- [About this exercise]:
Print each entry precisely; exclude the pictures.

-=-=-=-=-

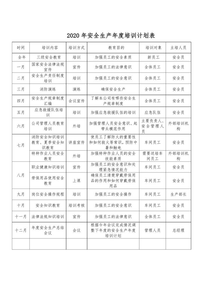 年度公司安全生產(chǎn)培訓(xùn)計(jì)劃表(1)doc
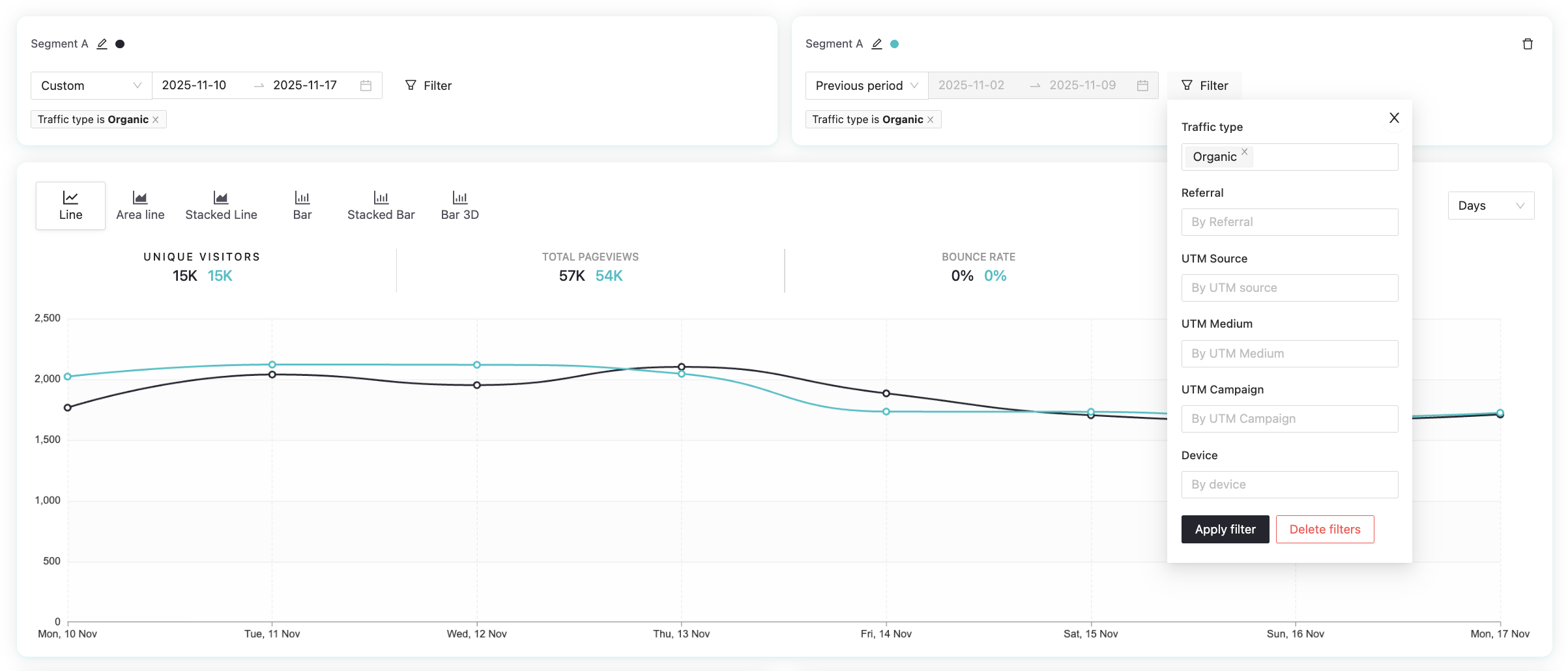 You can also apply filters to narrow the traffic you’re analyzing. The filter panel lets you refine by traffic type, referral, UTM source, UTM medium, UTM campaign, and device. Once you select your criteria, click Apply filter. To return to the default view, use Delete filters.
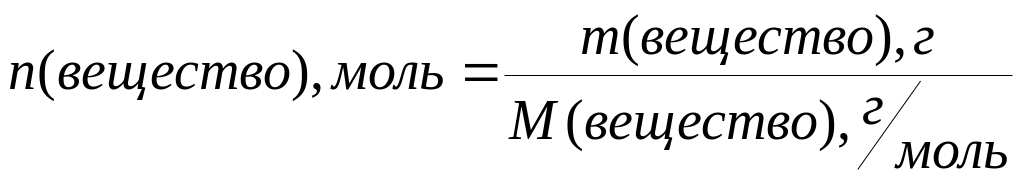 Массу одного моль вещества легко рассчитать, если известна химическая формула вещества, так как численно масса одного моль совпадает с молекулярной массой, например, масса 1 моль N2 равна 28 г. Число структурных единиц в одном моль составляет 6,02∙1023 частиц. Данное число называется постоянной Авогадро (NA). Поскольку формулы разных веществ разные, то и один моль разных веществ будет иметь различную массу. Масса вещества и количество вещества связаны следующим соотношением:
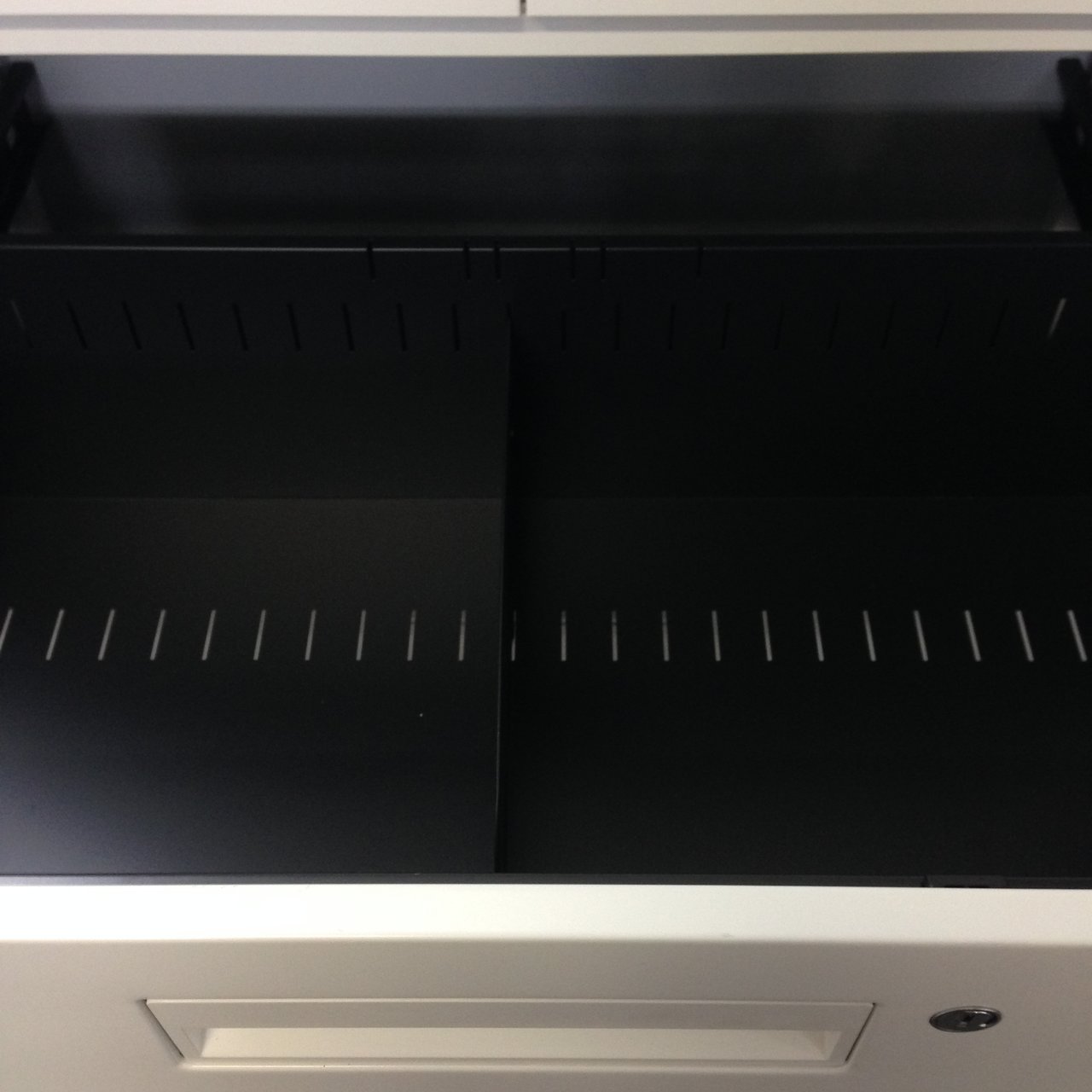 下置きは鍵のかかる3段ラテラルタイプなので、個人情報の保護にもこれで!
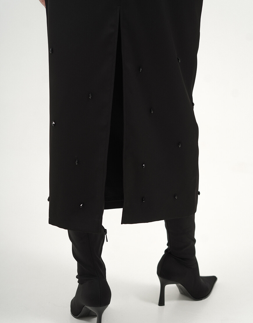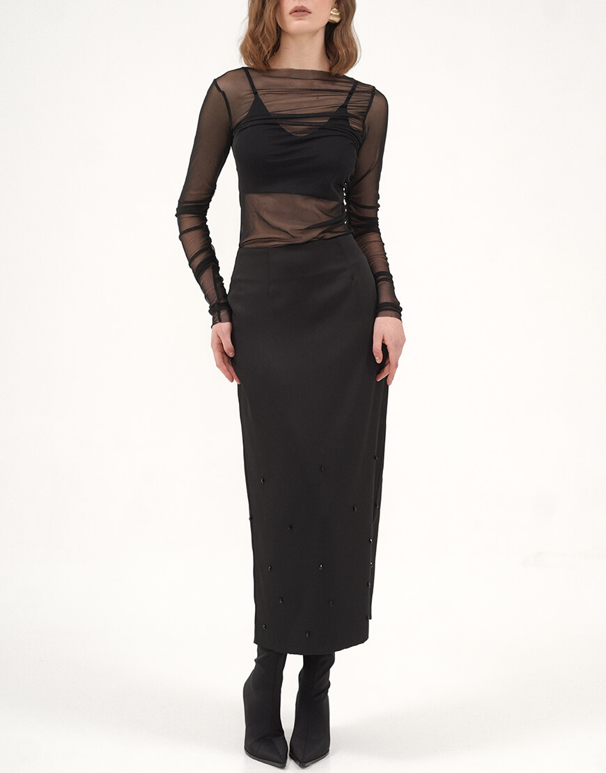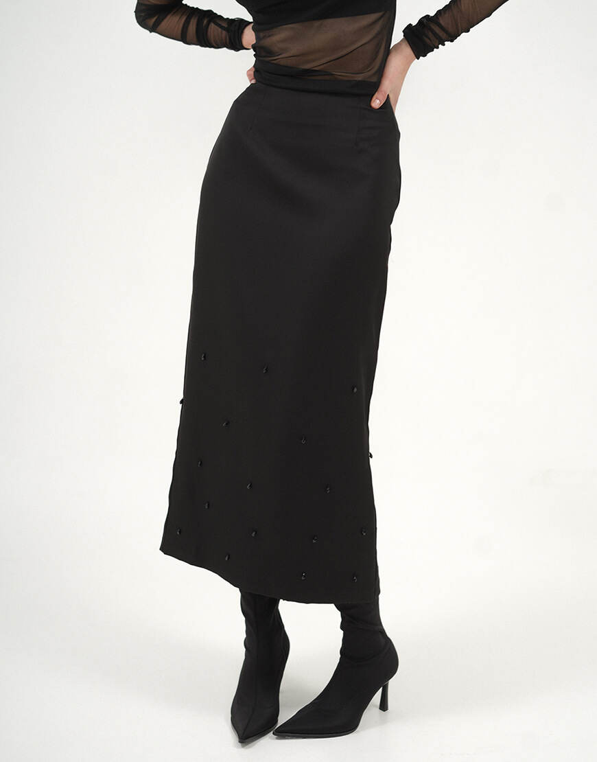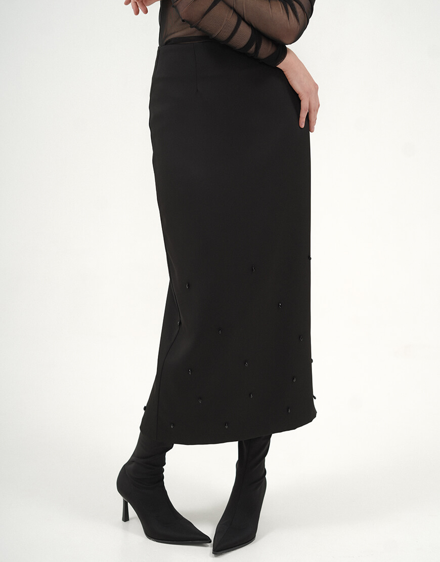 Доставка впродовж 3-10 робочих днівСпідниця довжини міді, виконана зі щільного вечірнього сатину. Спідниця має прямий крій, позаду елегантний виріз. Попереду та позаду спідниці кріпляться пришивні намистини чорного кольору, що додають виробу святковості. З внутрішньої сторони є чорний підклад. Спідниця застібається ззаду на потаємну блискавку.
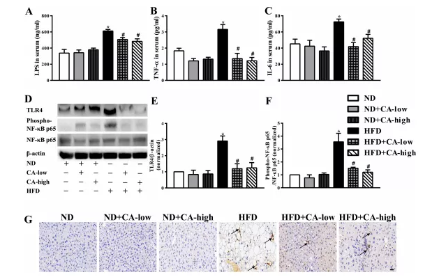 4.補充CA可減輕高脂喂養小鼠的內毒素血癥和隨后的促炎反應
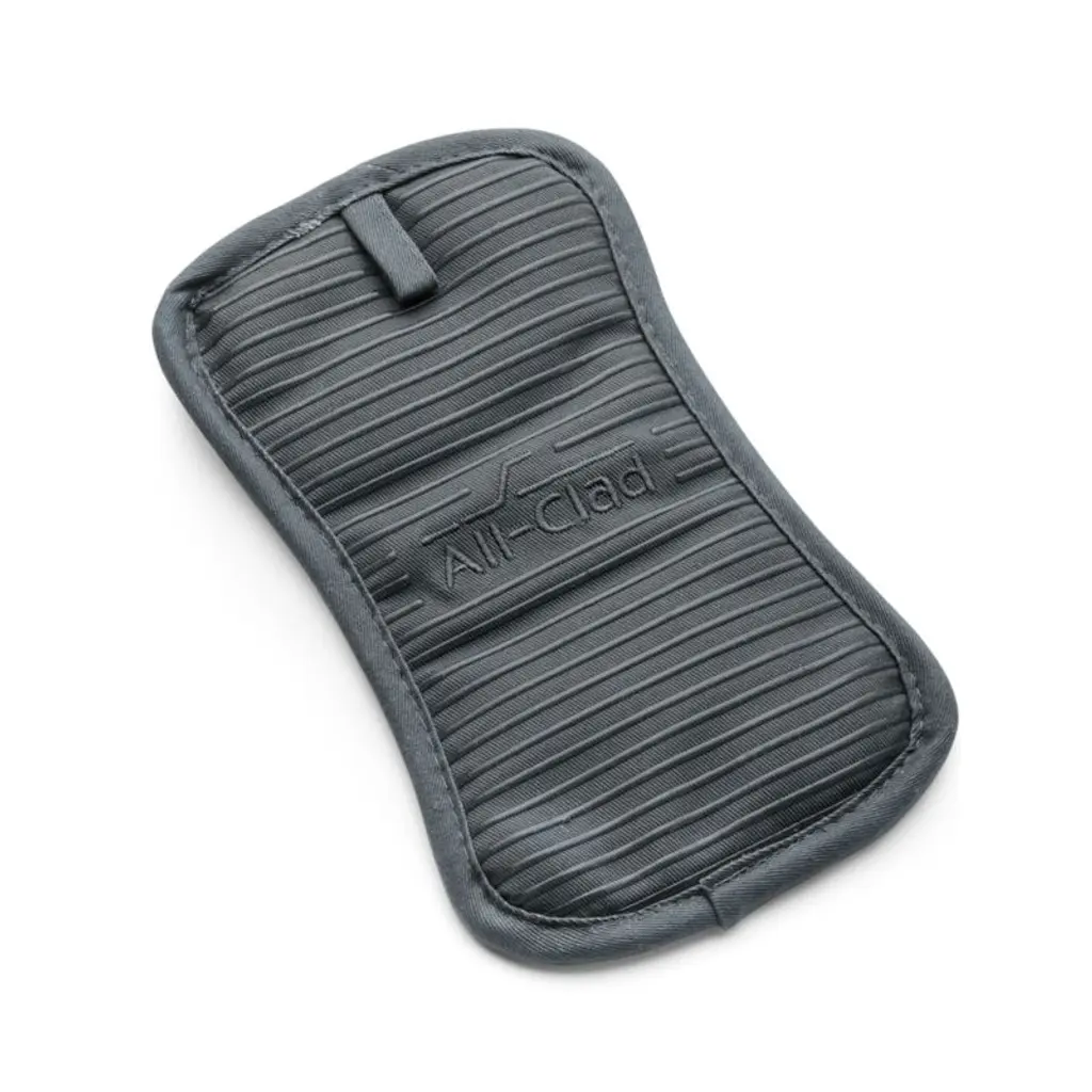 Embroidered stripes and a silicone finish provide a sturdy grip on hot pots, pans and plates. Protect your hands as you cook and bake with this cotton pot holder in deep pewter grey, detailed with a handy hanging hook. For coordinated cooking, pair with the matching oven mitt.All-Clad has been crafting cookware since 1971.

-=-=-=-=-

- [Your response]:
 年度公司安全生產(chǎn)培訓(xùn)計(jì)劃表(1)doc
 You can also apply filters to narrow the traffic you’re analyzing. The filter panel lets you refine by traffic type, referral, UTM source, UTM medium, UTM campaign, and device. Once you select your criteria, click Apply filter. To return to the default view, use Delete filters.
 Массу одного моль вещества легко рассчитать, если известна химическая формула вещества, так как численно масса одного моль совпадает с молекулярной массой, например, масса 1 моль N2 равна 28 г. Число структурных единиц в одном моль составляет 6,02∙1023 частиц. Данное число называется постоянной Авогадро (NA). Поскольку формулы разных веществ разные, то и один моль разных веществ будет иметь различную массу. Масса вещества и количество вещества связаны следующим соотношением:
 下置きは鍵のかかる3段ラテラルタイプなので、個人情報の保護にもこれで!
 Доставка впродовж 3-10 робочих днівСпідниця довжини міді, виконана зі щільного вечірнього сатину. Спідниця має прямий крій, позаду елегантний виріз. Попереду та позаду спідниці кріпляться пришивні намистини чорного кольору, що додають виробу святковості. З внутрішньої сторони є чорний підклад. Спідниця застібається ззаду на потаємну блискавку.
 4.補充CA可減輕高脂喂養小鼠的內毒素血癥和隨后的促炎反應
 Embroidered stripes and a silicone finish provide a sturdy grip on hot pots, pans and plates. Protect your hands as you cook and bake with this cotton pot holder in deep pewter grey, detailed with a handy hanging hook. For coordinated cooking, pair with the matching oven mitt.All-Clad has been crafting cookware since 1971.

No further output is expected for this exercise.